##### GIVEN ENTRIES #####
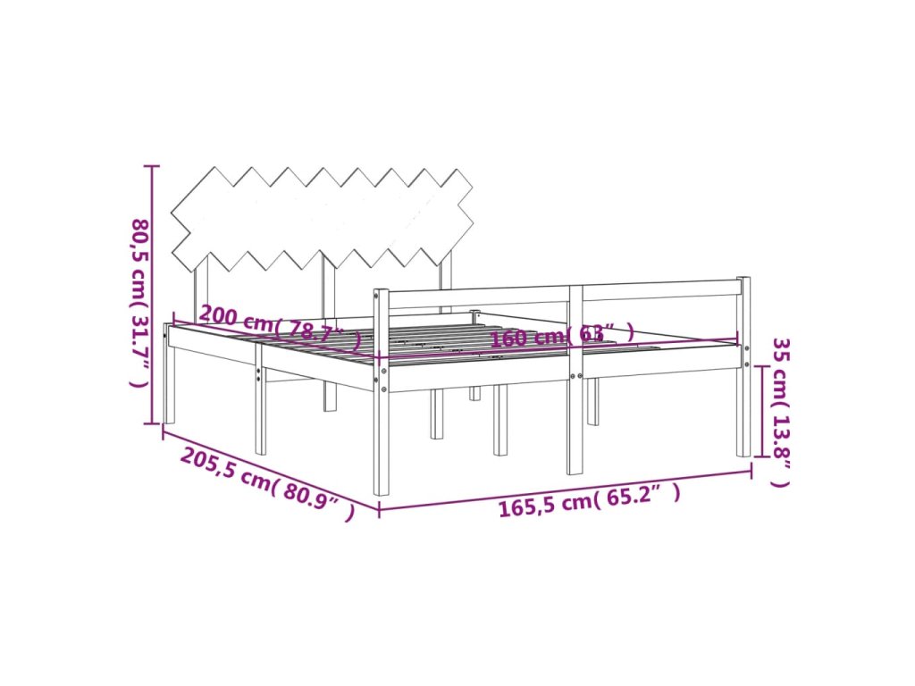 - Celkové rozměry postele: 205,5 x 165,5 x 80,5 cm (D x Š x V)
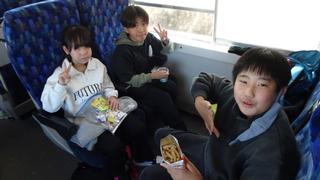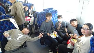 列車の中では疲れを見せることなく元気いっぱいでした。
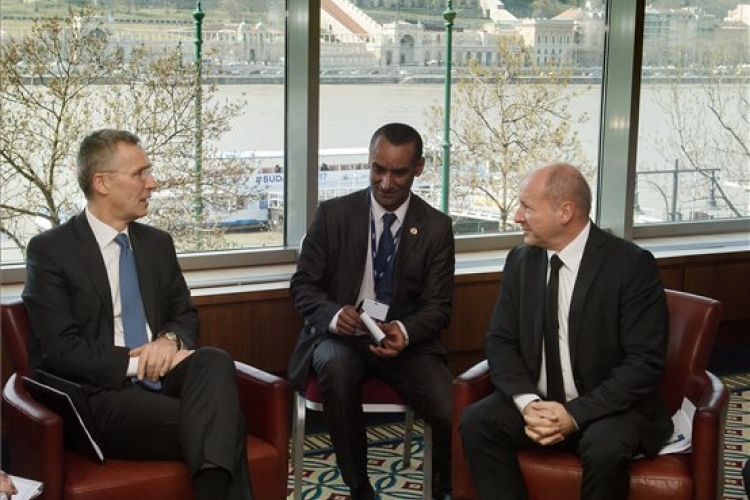 Simicskó István honvédelmi miniszter és Jens Stoltenberg, a NATO-főtitkára megbeszélésükön a budapesti Marriott szállodában 2017. március 23-án. Jens Stoltenberg részt vesz a NATO transzformációs szemináriumán a hotelben. (MTI Fotó: Koszticsák Szilárd)
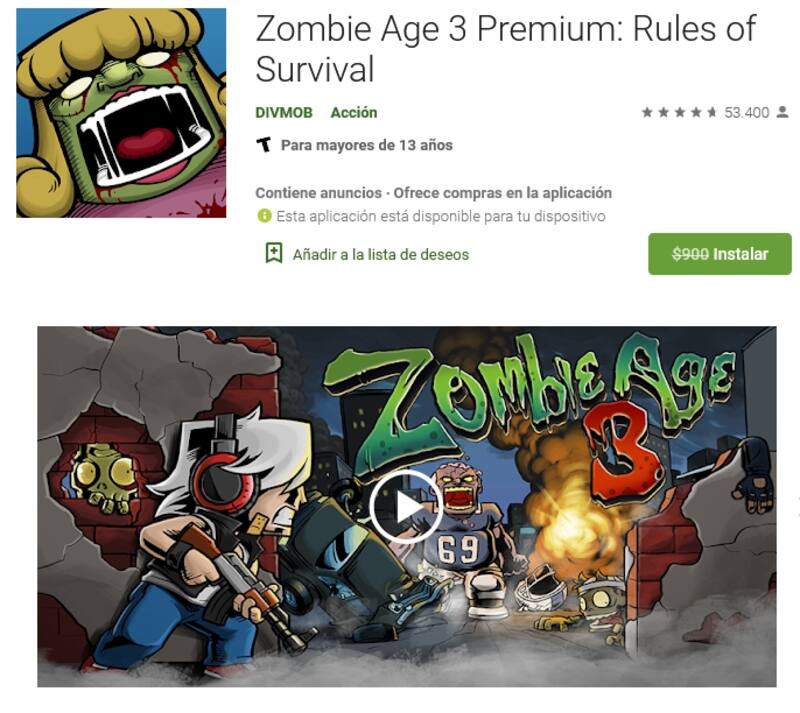 - Zombie Age 3 Premium: Rules of Survival: es un juego tipo beat 'em up, en el que con más 20 de personajes de la cultura pop a elección, se puede jugar solo como en cooperativo y así derrotar a variados enemigos.
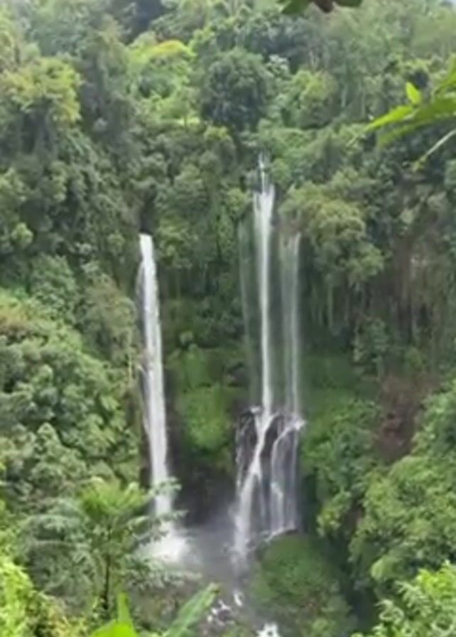 high-angle, static shot of two separate waterfalls cascading down a verdant, tropical hillside. The left waterfall is a single stream, while the one on the right is divided into multiple streams. The surrounding area is densely packed with lush green vegetation, including trees and plants. The sky is overcast, creating soft lighting. The video appears to be shot outdoors in a natural environment.
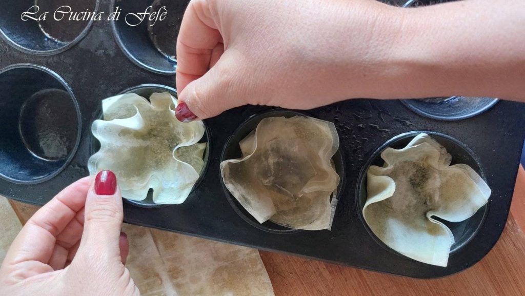Fetten Sie eine Muffinform mit Öl ein und legen Sie jede Vertiefung mit drei Phylloteigquadraten aus, wobei Sie darauf achten sollten, sie versetzt übereinander zu legen, also die Spitzen nicht aufeinander abzustimmen, und ihnen die Form eines Körbchens zu geben.
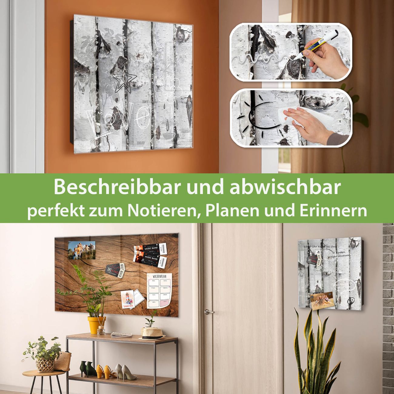 ✅ Magnetisch und mit Kreidestift beschreibbar, gehärtetes Glas, rechts angeschlagene TürOrdnung und Design in einem
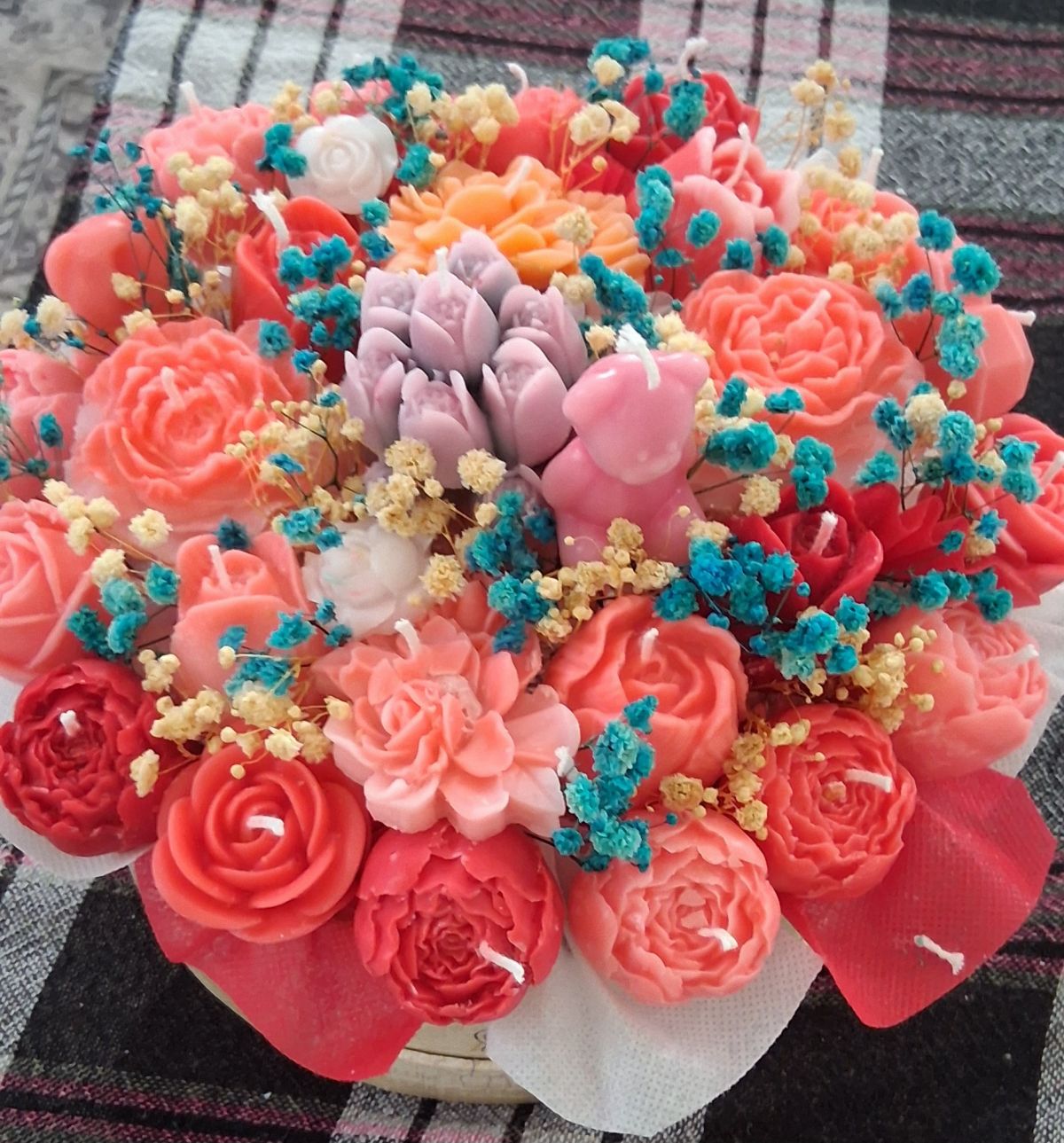 Рачна изработка на миризливи букети од еко восок, со многу љубов.
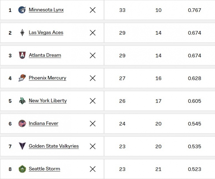 如此一来,本赛季WNBA季后赛8强全部出炉,分别是山猫、王牌、梦想、水星、自由人、狂热、女武神和风暴。
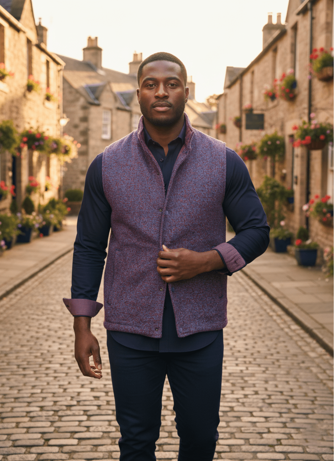 The Mallard Reversible Vest features a rich burgundy exterior with a versatile, reversible interior design. Perfect for layering, it includes zippered pockets to keep your essentials secure and additional interior pockets for convenience. Snap metal buttons ensure a comfortable and secure fit.
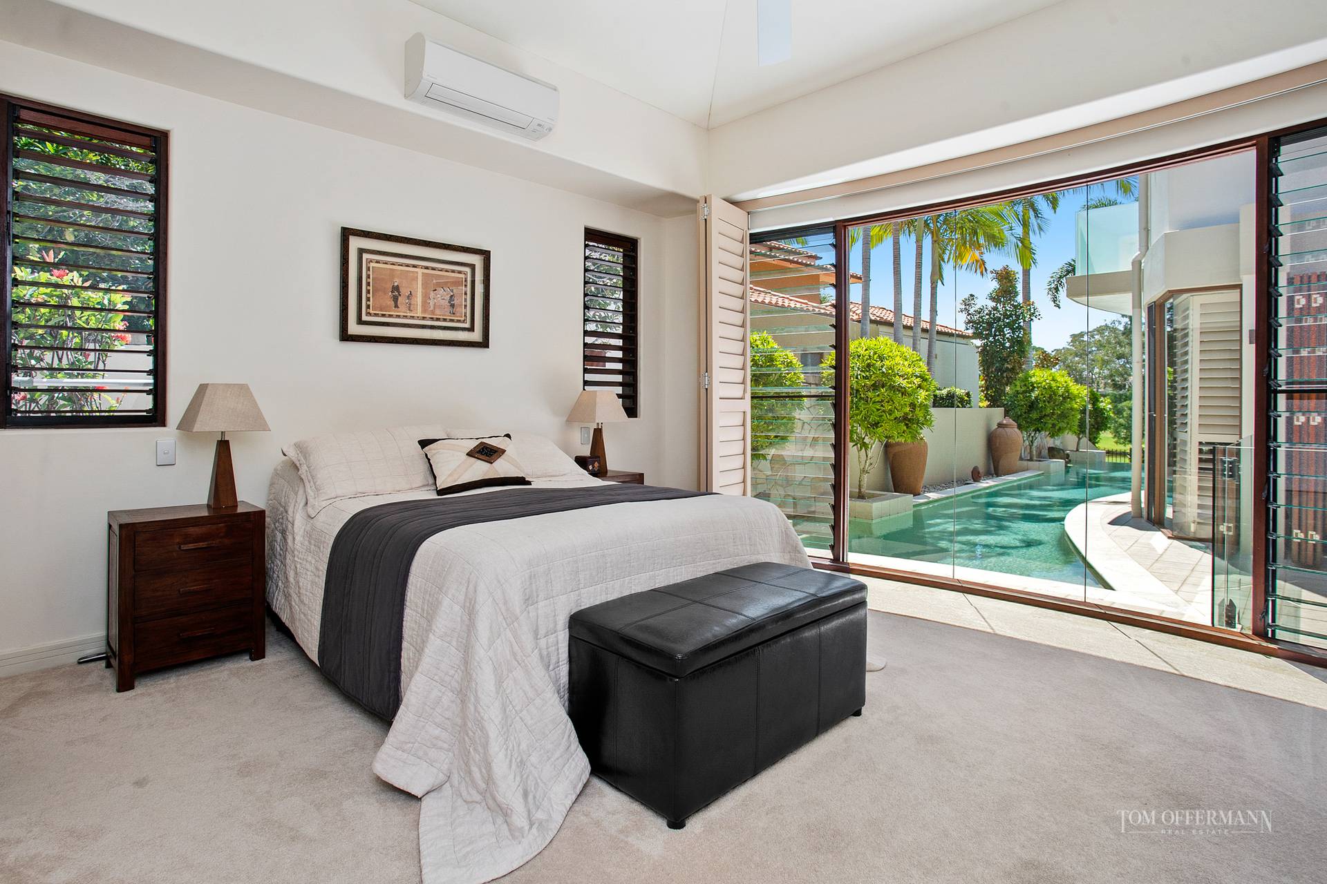 If an enduring love for living in a seriously classy residence near Noosa Main Beach in the idyllic sub-tropics, coupled with the unparalleled lifestyle of having the signature 5th hole of a world-renowned 18-hole golf course almost in your garden, sound like a double eagle, your kind of paradise is here. The 20m golf course frontage seemingly melds into the championship standard Graham Papworth designed course with its nine spring-fed lakes, 72 bunkers and abundant wildlife.
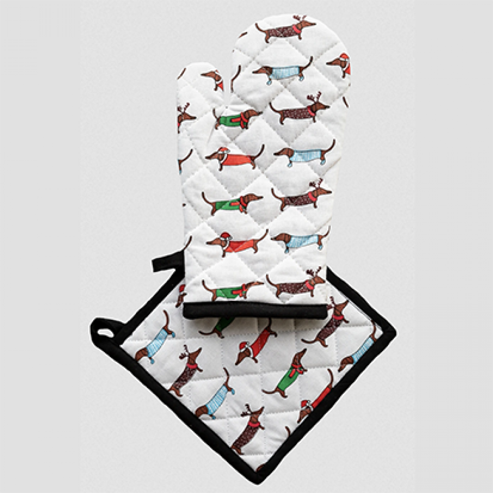 Our Christmas Sausage Dog Oven Glove and Pot Holder set is for the festive host who enjoys celebrating Christmas. Everyone is welcome to enjoy a feast with family and friends. Let your lunches morph into dinners.
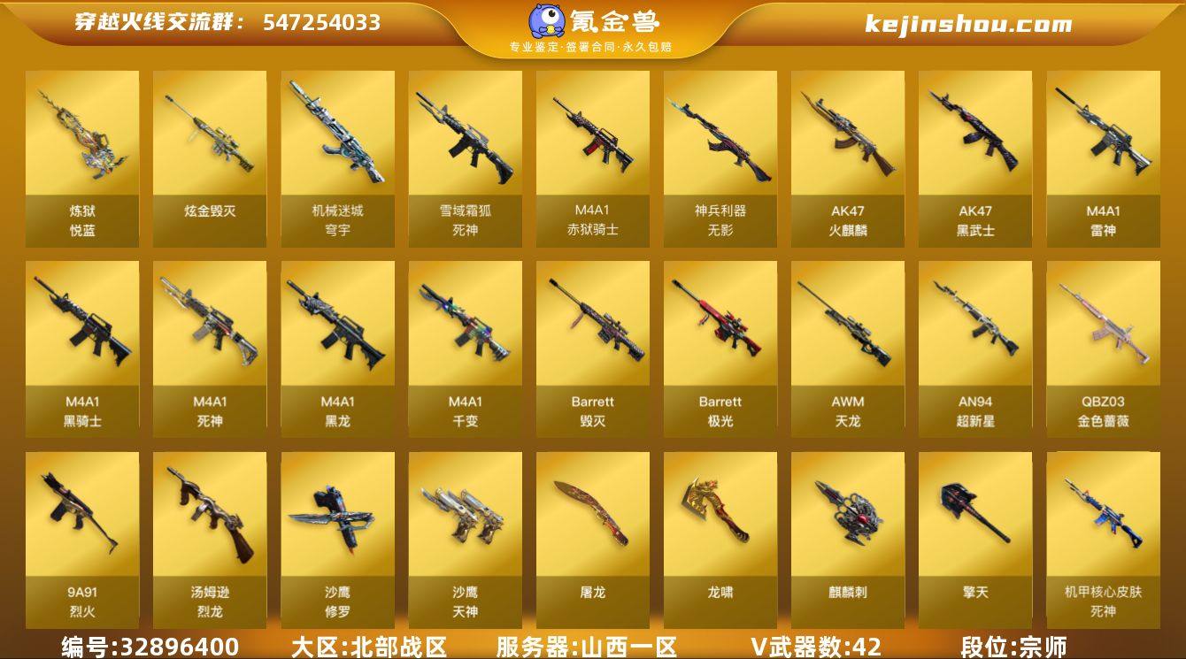 【ky6588】山西一区-43V-1王者武器数-1炫金武器数 【热门武器】:QBZ03-金色蔷薇,死亡之眼,毒蜂,M4A1-黑骑士*2,汤姆逊-烈龙*6,沙鹰-修罗*4 【王者炫金武器】:炼狱-悦蓝,炫金毁灭 【音效卡】:死神-雪域霜狐-怀旧音效卡 【皮肤】:裁决-运输船 皮肤,雷神-暗月,雷神-能量核心*2,雷神-星空,雷神-R.LGD-CFPLS18冠军,雷神-源计划2.0专属 皮肤,火麒麟-平天大圣,火麒麟-百城,火麒麟-心动糖果,毁灭-暗月,毁灭-航天科技皮肤,毁灭-虹光风暴 皮肤,毁灭-英雄计划 皮肤,M4A1-千变-孔明皮肤,黑龙-能量核心,黑龙-暗月,死神-机甲核心皮肤,天龙-秘银,修罗-能量核心*2,屠龙-春桃 皮肤,屠龙-惊鸿 皮肤,麒麟刺-甜蜜糖果 皮肤,麒麟刺-萌杀皮肤,麒麟刺-月皮肤 【角色】:审判者,狐影,雪域霜狐,修道士,空,暗夜-X,芳心审判者,虎妞,嘉年华灵狐,娟娟,兰妹妹,猎狐者-追月,零-水下丽影,灵狐-花神,灵狐者-X,灵狐者-黄金海岸,麻雀,玫瑰花神,萌儿,潘多拉-X,潘多拉-甜心教官,青霞仙子,斯沃特-X,蜀雪,兔囡囡,新娜塔莎,雪莉杨-摸金校尉,夜玫瑰-幻能朋克,影武者-X 【人偶武器】:巴雷特-零-水下丽影,AWM-灵狐-15周年嘉年华 【暴走生化】:毒蜂,死亡...
#####
§ TASK TO COMPLETE
Output exactly the stretch of the listing that begins at the line containing "The Mallard Reversible" and ends at the line containing "Our Christmas Sausage", both kept. Omit pictures and everything else.

§ OUTPUT FOR THIS TASK
 The Mallard Reversible Vest features a rich burgundy exterior with a versatile, reversible interior design. Perfect for layering, it includes zippered pockets to keep your essentials secure and additional interior pockets for convenience. Snap metal buttons ensure a comfortable and secure fit.
 If an enduring love for living in a seriously classy residence near Noosa Main Beach in the idyllic sub-tropics, coupled with the unparalleled lifestyle of having the signature 5th hole of a world-renowned 18-hole golf course almost in your garden, sound like a double eagle, your kind of paradise is here. The 20m golf course frontage seemingly melds into the championship standard Graham Papworth designed course with its nine spring-fed lakes, 72 bunkers and abundant wildlife.
 Our Christmas Sausage Dog Oven Glove and Pot Holder set is for the festive host who enjoys celebrating Christmas. Everyone is welcome to enjoy a feast with family and friends. Let your lunches morph into dinners.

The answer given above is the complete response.